How To RFP A Third Party Logistics Provider
7 tips before you send out an RFP to a third party logistics provider
Sending an RFP to a third party logistic provider is generally not very different from RFPing any other service provider. Your RFP will need to describe your company, its general needs and the specific services that it requires to fill those needs. Bear in mind, though, that a 3PL provider plays a different role in your business than many of the other vendors that you deal with. The nature of third party logistics means that it may need to tightly integrate into your business while also offering multiple services. With this in mind, here are seven tips to keep in mind as you prepare to send out RFPs:
-Build a team to build your RFP. For the RFP process to successfully find the right third party logistics provider, you will generally need to include all of the stakeholders in your company. This way, you’ll have a complete sense of.
-Provide enough information to bid. It’s reason to expect your 3PL company to know the logistics industry, but the company probably won’t know your company, its issues and its needs. The more information that you give in your RFP, the better the job that the companies will be able to do in preparing a comprehensive and accurate bid. It will also make it easier for you to compare bids from multiple companies if they’re all based on the same data instead of being based on differing sets of assumptions.

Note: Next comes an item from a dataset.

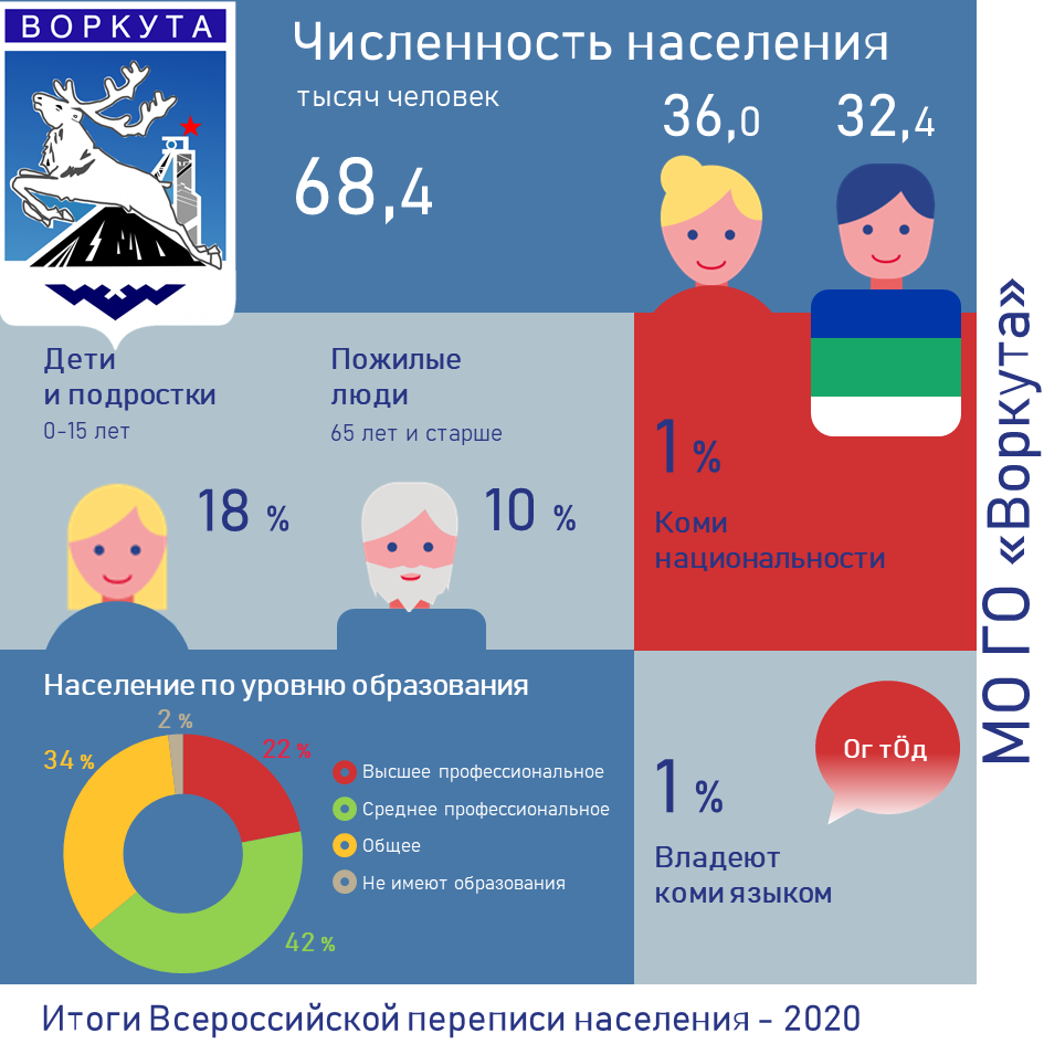 В Заполярье, к примеру, жителей коми по национальности всего 1%. Детей и подростков на 8% больше, чем пожилых людей.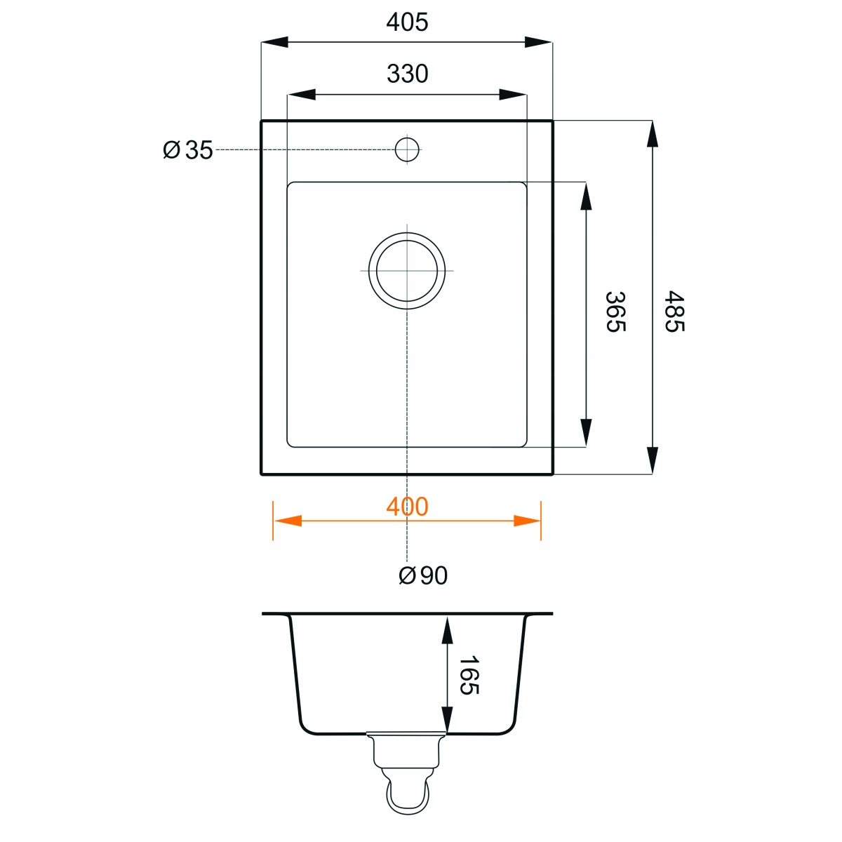 - Typ zlewu: 1-komorowy

-Ask intelligent questions. In addition to asking for a specific bid tied to your needs, you may want to add in some questions that will help you gauge how the 3PL company does business and how it works with its clients.
-Create a sense of exclusivity. If the companies that receive your RFP know that they’re one of a small group of pre-vetted candidates, they’re more likely to take the time to prepare a meaningful response.
-Keep the process as quiet as possible. If your existing provider of third party logistics services finds out that his job is out for bid, your company’s service could be interrupted. This is doubly important if you’re planning to transition supply chain employees away from your company. At the same time, keeping both the RFP and the responses confidential will help you and the vendors to freely exchange information without having to worry about it ending up in the wrong hands at the end of the process.
-Set reasonable time frames. If you have a complicated and detailed RFP, a 3PL won’t be able to respond in a day or two. Give them time to do a good job for you.
-Realize the limitations of the RFP process. While judging a company based on its response is part of the process, what you get on paper from its sales team may be very different from what you see when you visit its location or when its team comes to yours. The right third party logistics provider looks as good in person as it does on paper.